Gnatholepis gymnocara

Scientific classification
- Kingdom: Animalia
- Phylum: Chordata
- Class: Actinopterygii
- Order: Gobiiformes
- Family: Oxudercidae
- Genus: Gnatholepis
- Species: G. gymnocara
- Binomial name: Gnatholepis gymnocara (Randall & Greenfield, 2001)

= Gnatholepis gymnocara =

- Authority: (Randall & Greenfield, 2001)

Species of fish

Gnatholepis gymnocara, the Nakedcheek sandgoby, is a small species of ray-finned fish in the subfamily Gobionellinae. The Naked cheek sandgoby is found primarily in the Indian Ocean along the coast of Australia .

==Description==
The "naked cheeks," which serve as the namesake of this species, are one of the most diagnostic features of the Nakedcheek sandgoby. Scales are totally absent on the cheek and operculum, back to the predorsal midline, though there are a few typical cycloid scales on the base of the pectoral fin and on the breast. While a small fold might be present on the end of the lower lip, there is no truly distinct flap on the lower lip, which is also common in other goby species. There are also no teeth with are distinctly larger than the rest of the dentition.

===Size and coloration===
Males of this species reach a maximum length of 3.7 cm in total length. Their bodies are pale tan/dusky with a 6 darker dusky blotches, and a row of horizontal spots and streaks. There is also an irregular dark, cross-shaped blotch on each cheek that extends downward from the eye. There is a small brown spot at the base of the caudal fin that is approximately the width of the pupil. Males also have a small dark spot at the base of the first dorsal fin, while females lack this feature.

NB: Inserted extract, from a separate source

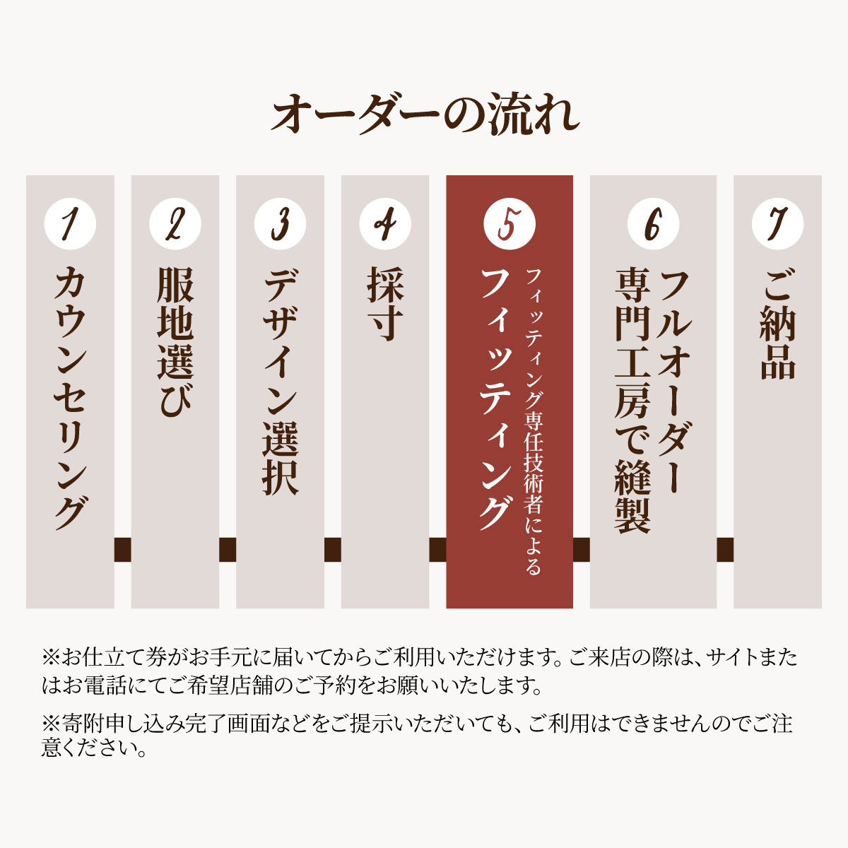 ※生地から仕立てるフルオーダースーツ店のため、3回(採寸・仮縫い・受取)のご来店が必要となります。
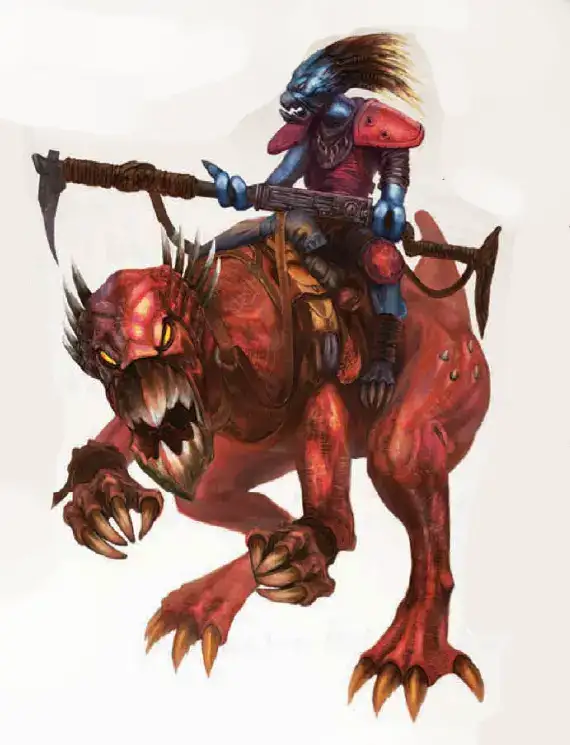 血肉猎犬——血肉猎犬是形态可怖、凶暴异常的类犬型生物,以其追踪选定猎物的超自然能力而恶名昭彰。它们佩戴被称为"恐虐项圈"的附魔颈环,这使它们对巫术或灵能影响具有极高抗性。

==Distribution and habitat==
The Nakedcheek sandgoby is found in the western Pacific Ocean, specifically Australia. It can be found in shallow, nearshore marine environments between 0 and 1m in depth. Specimens are typically collected from around 0.5m deep and, while most are found in marine waters, at least one has been collected from a brackish habitat.